GDP to Health Care Expenditures: to Change the Perception, Change the Reality
By Jeremiah Norris
In global health, there is no other percentage that has so captured the public imagination and dominated media coverage than the relationship of national health expenditures to Gross Domestic Product (GDP). In the US, the current figure is 18% of GDP. When published, this percentage ignites a perception that often takes on the value of reality. It is followed by hand-wringing comments in the press and among policy-makers that we spend more than double what other developed countries do and get less in return. This assumes that there is an equivalency within the various components which comprise GDP from developed countries with socialized medicine when compared to a capitalist system. Moreover, the expenditure rate is seen as a resource flow which dissipates into a dark hole in space, notwithstanding the fact that health care itself is a central contributor to the economy, particularly on employment, even in recessionary times.
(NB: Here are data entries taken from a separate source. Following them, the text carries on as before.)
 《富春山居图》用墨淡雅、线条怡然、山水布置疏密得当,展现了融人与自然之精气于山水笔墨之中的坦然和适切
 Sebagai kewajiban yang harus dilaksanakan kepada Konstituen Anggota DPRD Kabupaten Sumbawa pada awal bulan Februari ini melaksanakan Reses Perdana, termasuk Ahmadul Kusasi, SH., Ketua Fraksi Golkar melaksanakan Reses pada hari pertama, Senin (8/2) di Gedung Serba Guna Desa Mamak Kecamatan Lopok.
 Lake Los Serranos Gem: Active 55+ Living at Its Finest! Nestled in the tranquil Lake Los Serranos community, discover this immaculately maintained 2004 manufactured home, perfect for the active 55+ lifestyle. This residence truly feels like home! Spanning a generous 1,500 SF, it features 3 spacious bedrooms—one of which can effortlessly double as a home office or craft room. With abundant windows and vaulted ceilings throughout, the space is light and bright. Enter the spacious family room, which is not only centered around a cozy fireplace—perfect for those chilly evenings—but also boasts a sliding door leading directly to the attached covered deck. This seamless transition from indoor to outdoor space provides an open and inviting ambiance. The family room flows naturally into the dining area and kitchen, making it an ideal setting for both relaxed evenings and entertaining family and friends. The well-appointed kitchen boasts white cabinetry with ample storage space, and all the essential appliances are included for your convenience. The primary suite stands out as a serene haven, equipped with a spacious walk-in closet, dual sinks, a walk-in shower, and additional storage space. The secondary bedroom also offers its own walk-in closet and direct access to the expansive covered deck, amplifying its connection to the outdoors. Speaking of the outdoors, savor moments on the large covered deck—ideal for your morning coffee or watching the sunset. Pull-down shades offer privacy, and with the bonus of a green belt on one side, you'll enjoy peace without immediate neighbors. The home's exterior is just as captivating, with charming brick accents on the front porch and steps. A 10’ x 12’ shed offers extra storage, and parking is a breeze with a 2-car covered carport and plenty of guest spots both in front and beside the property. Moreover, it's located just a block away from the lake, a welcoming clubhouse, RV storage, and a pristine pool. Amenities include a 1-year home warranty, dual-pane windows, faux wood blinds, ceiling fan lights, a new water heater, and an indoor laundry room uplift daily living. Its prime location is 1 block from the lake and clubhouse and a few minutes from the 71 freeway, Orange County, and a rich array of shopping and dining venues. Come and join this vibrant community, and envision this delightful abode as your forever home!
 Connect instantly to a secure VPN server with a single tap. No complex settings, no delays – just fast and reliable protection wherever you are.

The US Government’s Bureau of Economic Analysis (BEA) defines GDP as “the output of goods and services produced by labor and property located in the United States. As long as these are supplied by US residents, they may be located either in the US or abroad.”
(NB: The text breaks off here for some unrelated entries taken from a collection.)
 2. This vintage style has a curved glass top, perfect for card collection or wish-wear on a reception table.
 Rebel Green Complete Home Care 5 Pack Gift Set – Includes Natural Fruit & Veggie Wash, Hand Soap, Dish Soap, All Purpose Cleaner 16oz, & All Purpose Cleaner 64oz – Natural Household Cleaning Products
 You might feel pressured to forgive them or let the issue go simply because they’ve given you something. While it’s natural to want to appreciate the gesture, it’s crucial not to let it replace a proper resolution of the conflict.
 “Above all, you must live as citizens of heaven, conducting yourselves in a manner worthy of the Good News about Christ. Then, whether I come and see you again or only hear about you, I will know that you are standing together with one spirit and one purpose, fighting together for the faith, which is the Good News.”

That is the accepted definition of GDP. But it doesn’t mean that health expenditures within a socialist economy where it is funded through general taxation is measured by the same yardstick as those in the US where it is financed by an equal percentage of public-private sources and delivered almost exclusively through private provision.
These are some items counted towards US GDP but not in socialized medicine countries:
- the cost of mal-practice insurance and awards to plaintiffs;
- the accelerated depreciation on 5-year schedules of plant and equipment;
- health care employer and employee payroll contributions to Social Security, Medicare, 401 (k) retirement plans, and Workmen’s Compensation Insurance;
- and, in most developed countries, capital investments are publicly funded and accounted for through ministries of public works; in the US these same investments are charged against GDP for health.
Canada has a single payer system. When an annual national health budget is passed, it is then divided among the provinces according to population. They can consume the amounts specified in their budget allocations—and then no more. Yet, Canadians spend more on health care than what is accounted for in their national budget. In 2012, more than 40,000 Canadians sought specialty care in U. S. institutions, where their expenditures were charged against US GDP and deducted from Canada’s.
The capital assets in hospitals and medical equipment in the EU are publicly owned, thus there is no need to apply for tax relief on depreciated values. This is a substantial sum in the US as “almost one-third of health care spending pays for hospital services”. EU health care cadres pay one tax into the Treasury for all social services, obviating payroll taxes as in the US for, pension, Social Security, Workmen’s Compensation and Medicare.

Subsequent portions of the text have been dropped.